• _What this task involves_: Set down the whole listing below exactly, without pictures.

• _Source data_:
==================================================
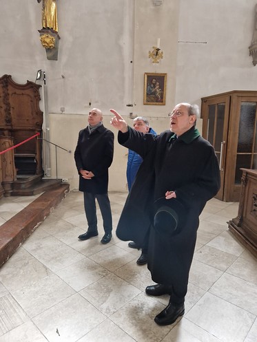 Im Anschluss an das Gespräch führte Johannes Hofmann die beiden Abgeordneten durch die Räume der Kirche und verdeutlichte an vielen Stellen die Sanierungsbedürftigkeit des Gebäudes. Anhand der ausführlichen Begehung von Sakristei, Altar, Kapelle und Gruft sowie der anschaulichen Schilderung der Pläne durch den Stiftsdekan konnten sich die beiden Abgeordneten ein gutes Bild machen, wie die neue Kirche auch am Inneren erneuert werden soll.
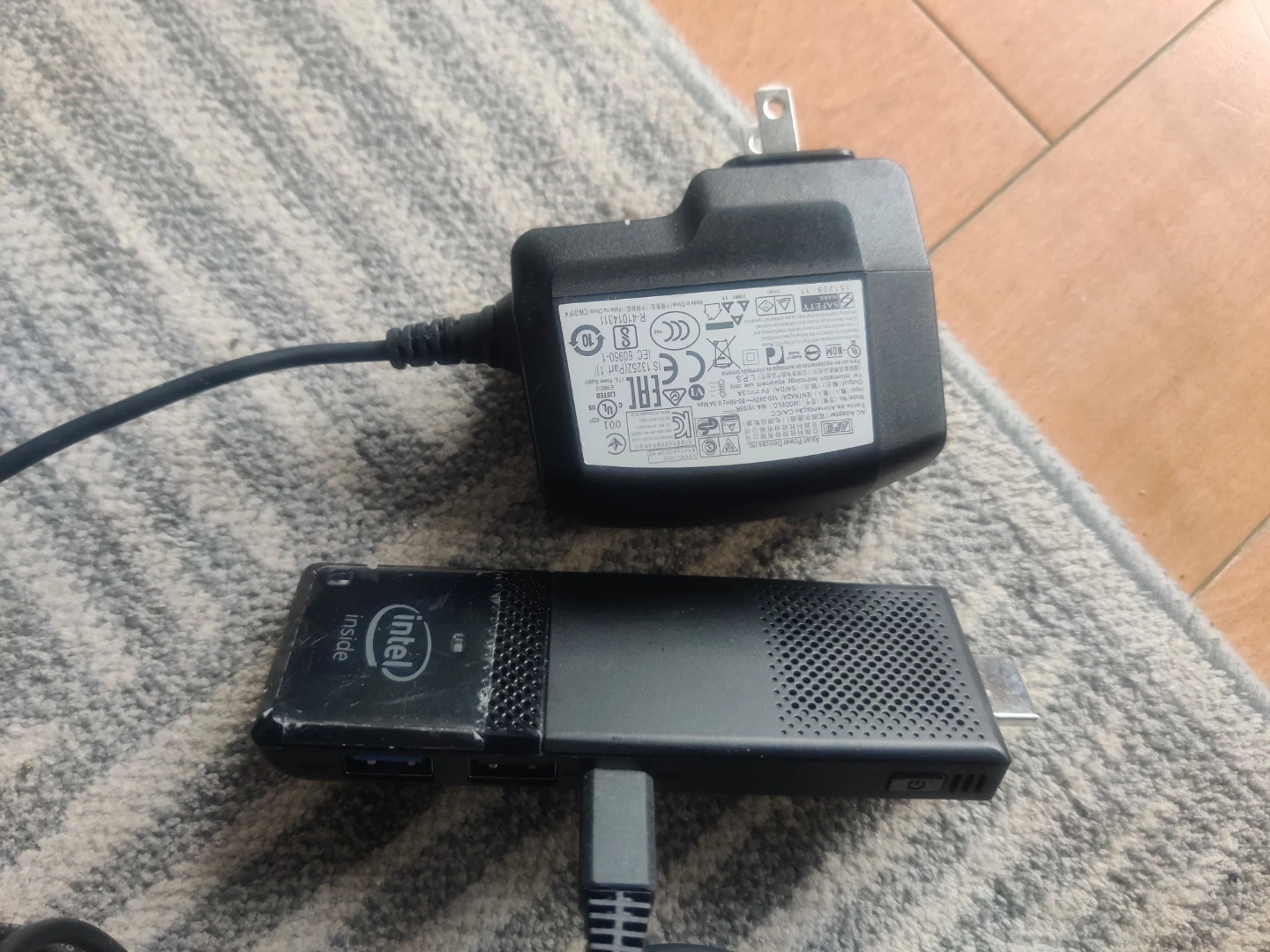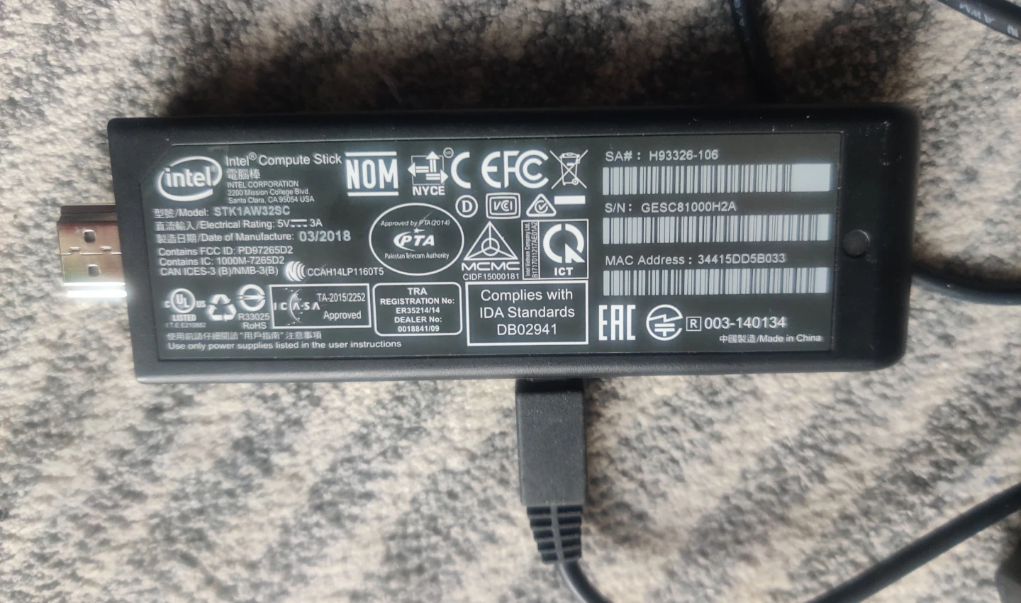 This Intel Compute Stick is a compact computer that plugs into an HDMI port. It features USB ports and includes the necessary power adapter. Date of manufacture is March 2018.
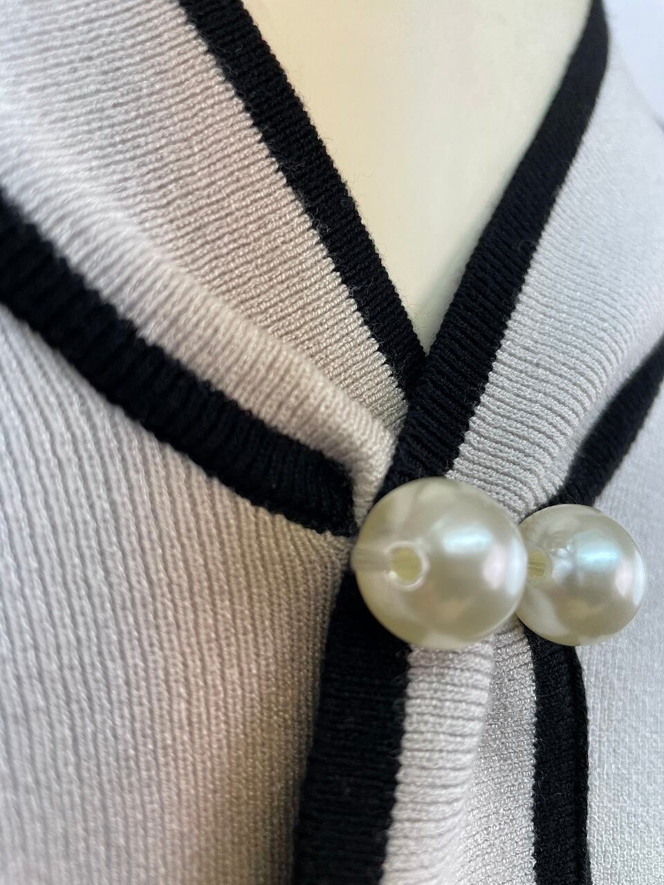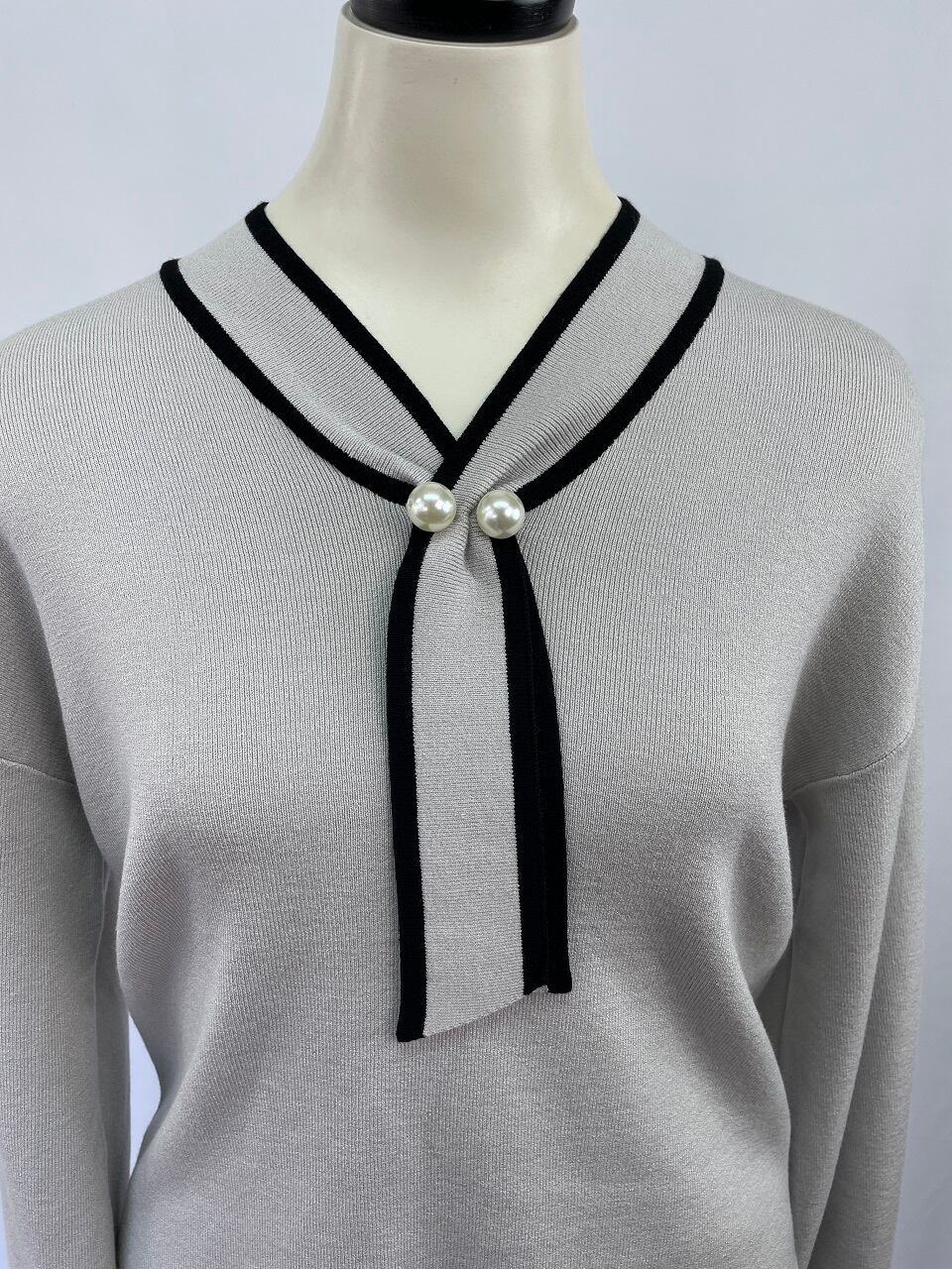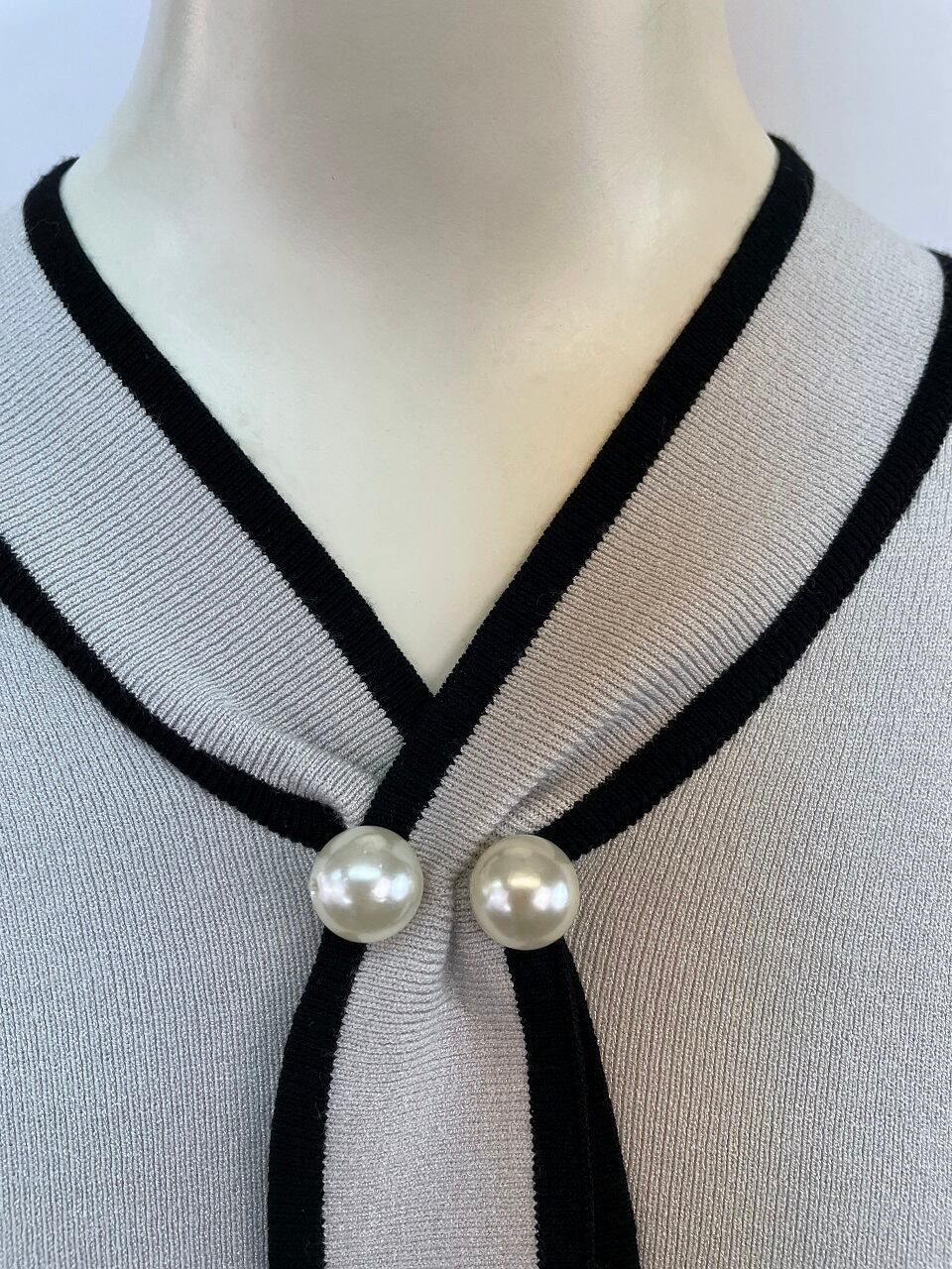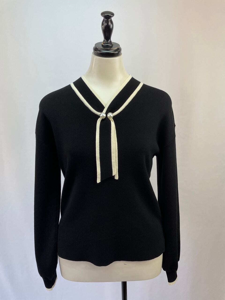トレンドのボウタイにパールを施したデザインは、一枚でお出かけはもちろんジャケットやアウターのインナーにも相性抜群です。
==================================================
• _Your response_:
 Im Anschluss an das Gespräch führte Johannes Hofmann die beiden Abgeordneten durch die Räume der Kirche und verdeutlichte an vielen Stellen die Sanierungsbedürftigkeit des Gebäudes. Anhand der ausführlichen Begehung von Sakristei, Altar, Kapelle und Gruft sowie der anschaulichen Schilderung der Pläne durch den Stiftsdekan konnten sich die beiden Abgeordneten ein gutes Bild machen, wie die neue Kirche auch am Inneren erneuert werden soll.
 This Intel Compute Stick is a compact computer that plugs into an HDMI port. It features USB ports and includes the necessary power adapter. Date of manufacture is March 2018.
トレンドのボウタイにパールを施したデザインは、一枚でお出かけはもちろんジャケットやアウターのインナーにも相性抜群です。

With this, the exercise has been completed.